↓

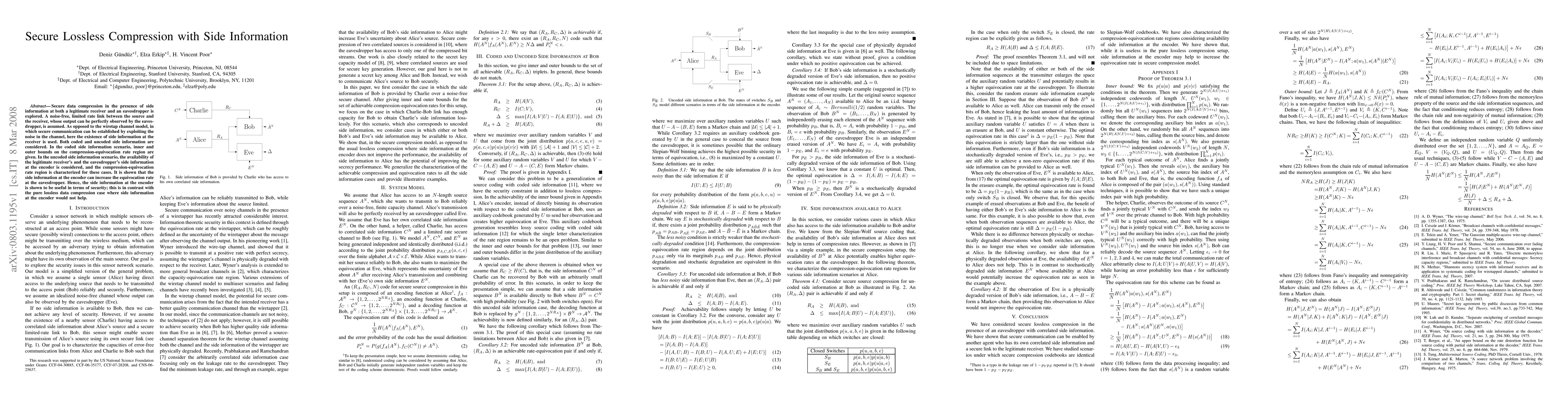 This paper investigates secure lossless compression with side information, demonstrating how side information at both legitimate and eavesdropper receivers can enhance security. It characterizes the compression-equivocation rate region under both coded and uncoded side information scenarios, showing that side information at the encoder can increase the eavesdropper's equivocation rate, thus improving security.
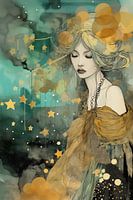Prachtige afbeelding van een vrouw in serene overpeinzingen. Goudgeel met aquablauw en zwart, wit en grijstinten. Gouden sterren complementeren het geheel. De vrouw kijkt naar beneden. Zij draagt een mooie gouden zijden jurk. Abstracte schakeringen in de achtergrond. Passend bij diverse stijlen en trends.
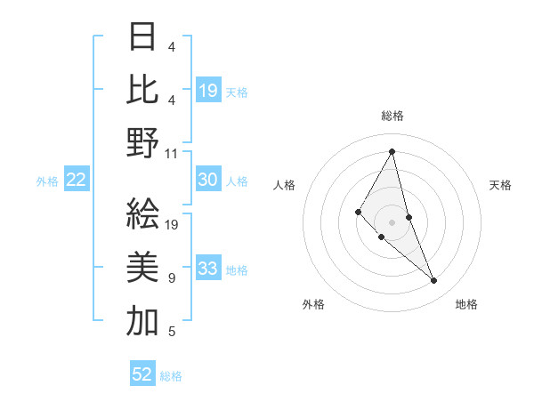 日比野 絵美加さんを姓名の画数から五運を鑑定
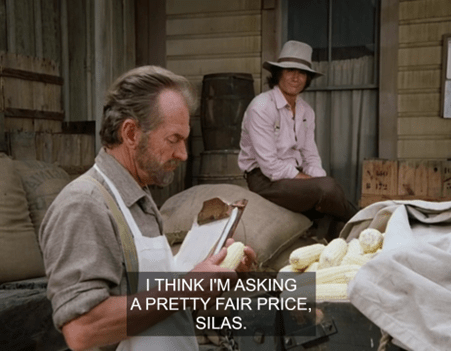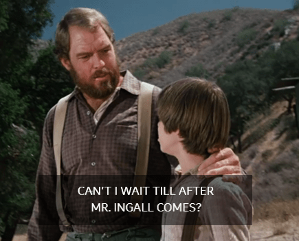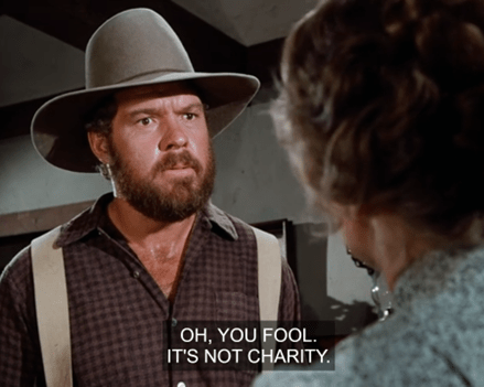 (The Mill’s operations, as always, are opaque. Why wouldn’t there be work available? It’s the harvest season, by all accounts a hugely successful one. Surely there’d be feed to deliver, flour to grind, etc. Three or four months? Walnut Grove should be a boom town! People would be building and investing based on this bumper crop; why, Garvey himself was about to order a new barn in the opening scene, and just a minute ago Charles was buying out the Mercantile like a poet on payday.)
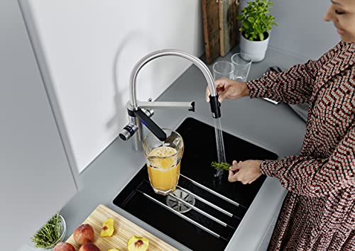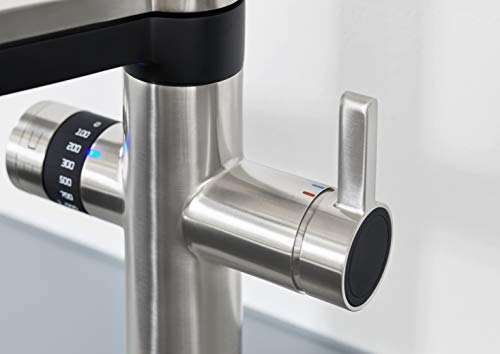 | Features | BLANCO drink.soda: 5-in-1 Soda Wasserhahn – Gefiltertes Wasser, gekühlt, Wasser in Still/medium oder Sprudelnd, warm/kalt, 6 vordefinierte Mengeneinstellungen (100ml-1.000ml), Wasserhahn mit Sprudelwasser (still, medium, klassisch sprudelnd): Kohlensäuregehalt des gefilterten Trinkwassers wählbar über separates Drehrad, Click & Touch Bedienung: Einstellung der gefilterten Wassermenge dank präzisem Drehrad und intuitive Touch-Bedienung für bedarfsgerechten Wasserverbrauch, Separater Auslauf für veredeltes Trinkwasser, Zweistrahlbrause mit praktischer Magnethalterung, Integriertes Reinigungsprogramm für mehr Hygiene und Sicherheit, Perfektes Design in der Küche, Lieferumfang: SODA Armatur, SODA Kühl- & Karbonisierungseinheit, CO2-Zylinder, Drink Filter, Sprudel direkt aus dem Wasserhahn |

↑

Print the material above word for word, first line through the line with "日比野 絵美加さんを姓名の画数から五運を鑑定", and leave every picture out.

 This paper investigates secure lossless compression with side information, demonstrating how side information at both legitimate and eavesdropper receivers can enhance security. It characterizes the compression-equivocation rate region under both coded and uncoded side information scenarios, showing that side information at the encoder can increase the eavesdropper's equivocation rate, thus improving security.
Prachtige afbeelding van een vrouw in serene overpeinzingen. Goudgeel met aquablauw en zwart, wit en grijstinten. Gouden sterren complementeren het geheel. De vrouw kijkt naar beneden. Zij draagt een mooie gouden zijden jurk. Abstracte schakeringen in de achtergrond. Passend bij diverse stijlen en trends.
 日比野 絵美加さんを姓名の画数から五運を鑑定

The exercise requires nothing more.